Now, these things constitute a result that must be inimical to a production of art, not merely on account of the limits of capability and scope, but of the tone and the disposition of the writer; for he or she naturally has an eye to immediate profit and transient attractiveness, to temporary popularity and passing circumstances, rather than to the requirement and ends of art, or even the permanent fame of the artist. It is a levelling and a sacrificing system; as may be often discovered were it but from the studiedly glaring titles of the stories, and of each successive chapter, which are intended to be taking, and that very probably point to some vulgar or notorious incidents at the moment of production and publication. The straining becomes palpable, and the effect is likely to be unnatural.
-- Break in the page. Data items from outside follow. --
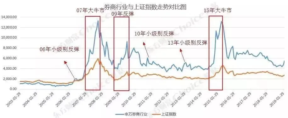 历史中,券商板块总是在牛市来临之际首先启动,从未缺席,请看由东方财富统计的数据,加入上证综合指数为参考。
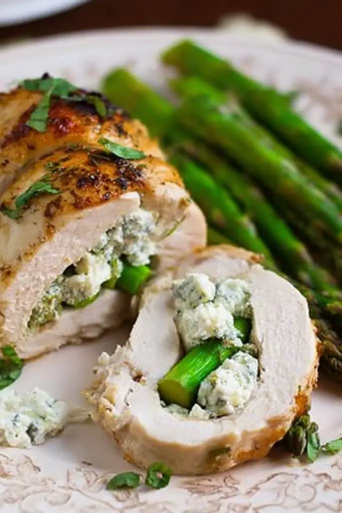 - Mix goat cheese, garlic, and herbs, then stuff into each chicken breast with asparagus spears.
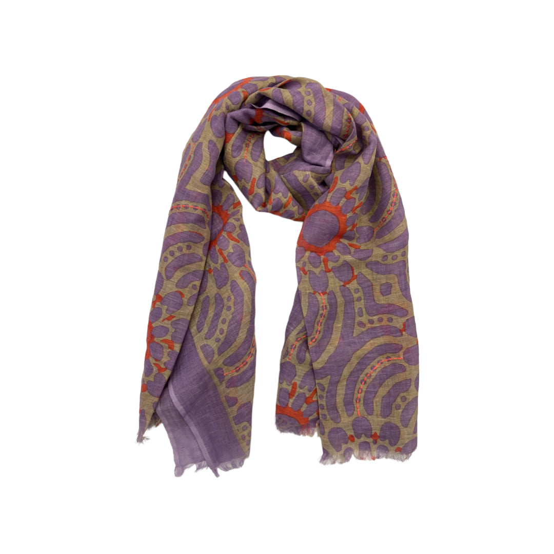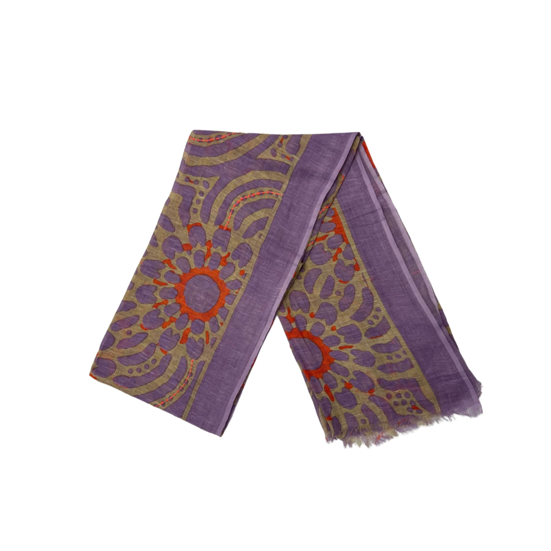 Sciarpa in cotone/lino stampata con ricamo Up&Down, sfrangiata a mano sui lati corti.
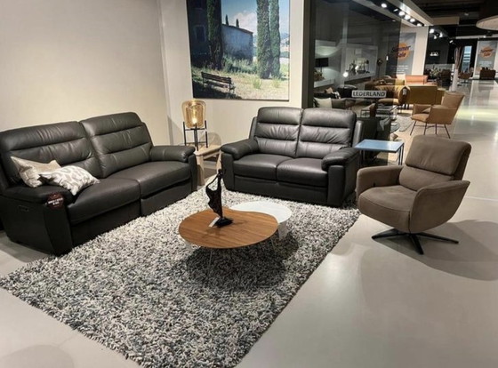 Imagínese: una tarde de relax en estos elegantes sofás Alinda, perfectos para su sala de estar. Este conjunto incluye un sofá de 2 plazas y uno de 2,5 plazas, ambos tapizados en lujosa piel negra. Su diseño moderno y su comodidad los convierten en un elemento esencial para cualquier interior.
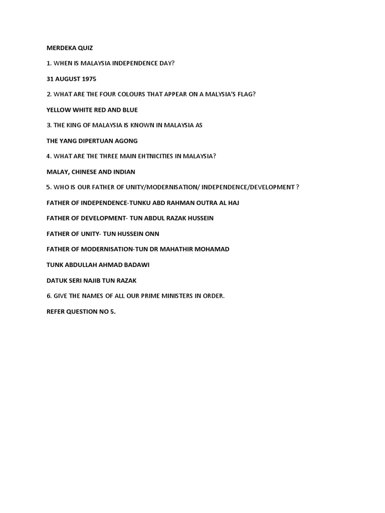 Malaysia Independence Day Question

Mr. Lover's Handy Andy must not be regarded as an exception to the majority of the fictions we are speaking of; while the objection is the more disagreeably felt in that his story affects the broadest" humour, and the most ludicrous fun for its staple, which, however laughter-moving for a chapter at a time, cease to amuse and to interest continuously; for one gets fatigued with the exaggerated caricatures, and the extravagant eccentricities and blunders of the more elaborated characters. Besides, the fun is often stale; while the constant effort to astonish or to convulse detracts from the glee which cordial and unpremeditated humour communicates. Add to these and kindred drawbacks, that the story as a plot has not substance and interest calculated to arrest and enchain our sympathies; and then it will be acknowledged, that in spite of the great cleverness which passages evince, and the manifest boundlessness of the author's frolicksome fancy, we cannot have risen from the perusal of this story, crammed although it be with jokes and practical tricks, in a mood very favourably inclined to its class as a serial, and still less to its conception and execution as an individual performance.

On a former occasion, and while but a few numbers of Godfrey Malvern had been issued, we took occasion to speak of Mr. Miller's merits generally, and to characterize several of his preceding productions, as well as to remark upon the work more immediately under notice, offering at the same time a specimen which we regarded as illustrative of the writer's humanity, and also of his intensely close observation. It is true that we would rather meet with him in rural districts and sequestered nooks of Old England, than in the capital; even when he may not be more faithful in his delineations or earnest in his purpose. But then the parts of Godfrey Malvern that are the ablest and truest in our estimation, deal with subjects that are not merely less attractive in their nature, but which have been more hackneyed.